The α₁-adrenoceptor (α₁AR) and the α₂-adrenoceptor (α₂AR), which belong to the G protein-coupled receptor (GPCR) family, have been involved in brain developmental processes and constitute potential therapeutic targets for different neuropathological disorders such as drug addiction, Parkinson’s and Alzheimer’s diseases, or post-traumatic stress (Ghanemi and Hu, 2015; Perez, 2020). The α₁AR predominantly couples to G_q/11, the stimulation of which leads to the activation of phospholipase C (PLC) and the production of inositol 1,4,5-trisphosphate (IP₃) and diacylglycerol (DAG).
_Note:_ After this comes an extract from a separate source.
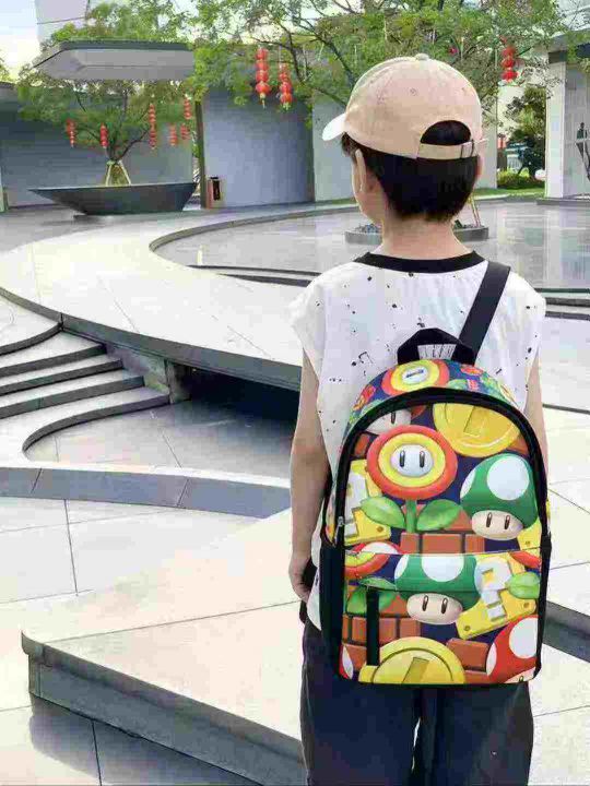 数量5200个左右,蘑菇图案书包为主,双袋双拉链,规格45*32,侧面有多色区分,分货➕1

IP₃ activates the release of Ca²⁺ into the cytoplasm, whereas DAG activates protein kinase C (PKC) (Hein and Michel, 2007). The α₂AR couples to the G_i/o protein, the activation of which results in the inhibition of adenylyl cyclase and reduction of cyclic adenosine monophosphate (cAMP) and protein kinase A (PKA) activity (Aantaa et al., 1995). However, each adrenoceptor can couple to multiple signaling pathways. Thus, the α₁AR can activate G_i proteins (Petitcolin et al., 2001) and the α₂AR can couple to G_s proteins (Eason and Liggett, 1995). Furthermore, adrenergic agonists can display ligand-directed signaling bias (Alexander et al., 2023).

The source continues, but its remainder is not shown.